Type of paper: Case Study

Topic: Company, Business, Competition, Strategy, Products, Employee, Workplace, Advantage

Pages: 10

Words: 2750

Published: 2020/12/23

Introduction

General Electric (GE) is a large company that contains a diversified portfolio. The company operates in the global sector and faces a challenging business environment. It is important to analyze and understand the external environment of GE for the effective selection of techniques that will enable the company to sustain a competitive advantage. The analysis of the case study of GE will help managers learn ways in which they can make their companies sustain their competitive advantages. The case study analysis revolves around the two-decade leadership of Jack Welch.
Jack Welch was a very successful CEO of General Electric (Martinson, 2001). He adopted new methods and strategies that were aimed at transforming GE towards success. The transformation process involved the introduction of new techniques that were aimed at making the company gain a competitive edge against other firms. Welch drove the company towards globalization with the aim of enabling GE to exploit a wide range of opportunities. GE was also able to use its resources to sustain its competitive advantage. The performance of GE increased every year from the time Welch became the CEO. The predecessor of Welch had been successful and termed as a legend in performance, and people had been wary of how Welch would perform as a leader (Slater, 1996).
The company began to succeed and the profits were increased every year. The stockholders of GE were happy because they were able to receive higher dividends. Welch was able to lead the company through the hard economic times, and employed strategies that enabled the company to be stable. Welch introduced the internet to GE to gain a competitive edge. He saw the internet as an opportunity for the company to increase its revenue. Many people saw technology as a challenge, but Welch told them it was easier once they learnt it.

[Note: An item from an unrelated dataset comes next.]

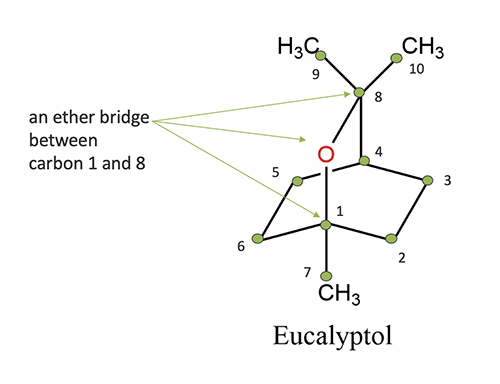 NOTE: The ethers are a unique chemical family in that it is hard to generalize about the whole family. The main ether component found in essential oils is eucalyptol. Most of the other oxides are found as minor components of essential oil, generally at less than 1 to 3%, with the exception being the bisabolols, which can occur as major components of German chamomile essential oil. We will focus our attention on eucalyptol in the sections that follow.

Analysis of GE’s External Environment

The external environment of GE posed many challenges that required the appropriate actions that would lead to success. These business environments included socio-cultural; technological; demographic; political or legal; economic; global; and physical (Bartlett and Ghoshal, 1989). The importance of each of these environments is explained below:
Socio-cultural: GE had employees that were deeply rooted to old cultures that resisted any kind of change. Welch introduced change and laid off the employees who were not willing to embrace the values that he was introducing into GE.
Technological: Technology is very dynamic and it requires the company to constantly keep on changing so as to stay competitive (Bartlett and Ghoshal, 1989). Welch introduced the internet to GE when he was about to retire, but he was faced with people who were trying to resist it. He encouraged the people in the organization by telling them that it would be much easier for GE to adapt to the electronic business compared to small companies because GE had already established solid foundations.
Demographics: The business environment of GE presents a population that has varying needs and preferences. It is important to understand the needs of the population so that you can satisfy your customers. Welch introduced business practices that were aimed towards customer satisfaction.
Political or Legal: It is necessary to learn the policies and laws of the region in which the company is conducting its operations. Complying with the laws and policies enables the company to save on unnecessary costs incurred through fines and penalties.
Economic: Companies face economic situations such as recessions, depressions, booms, and declines. It is important to know how to handle such economic situations so as to avoid the collapse of the business. Welch became CEO of GE during a recession period, and he had to apply restructuring methods so as to save the company and increase revenues. He fired many employees in his efforts to downsize, but he used a disciplined process. The number of employees reduced from 404,000 to 292,000 from the year 1980 to the year 1989 (Cosco, 1994).
Global: The global environment includes markets from other parts of the world. Companies are using globalization as a strategy towards increasing the market for their products. Globalization also offers companies the chance to acquire cheaper labor in other regions. Welch involved himself in the globalization plans of the business units in GE by insisting that they had to attain position 1 or 2 on the global market (Slater, 1996).
Physical: The physical environment involves the surrounding areas of the company (Manfred, 2009). It may also include things like location and nearness to raw materials. GE was located near a steady supply of employees.
Companies are faced with issues in either the general environment or the industry environment. The general environment is where all the companies and the market are affected by issues that occur in the world. The general environment could be affected by technology, politics, and state of the economy (Warf, 2007). A good example is the recession period that saw Welch lay off many of the employees of GE. The industry environment is where only the companies in a particular industry are affected by particular issues. A good example is when Welch introduced service businesses to GE. Welch wanted to reduce the overreliance on physical products. He saw services as a good supplement to the products that GE was selling. Diversification made it easier to succeed even if some products were facing crises.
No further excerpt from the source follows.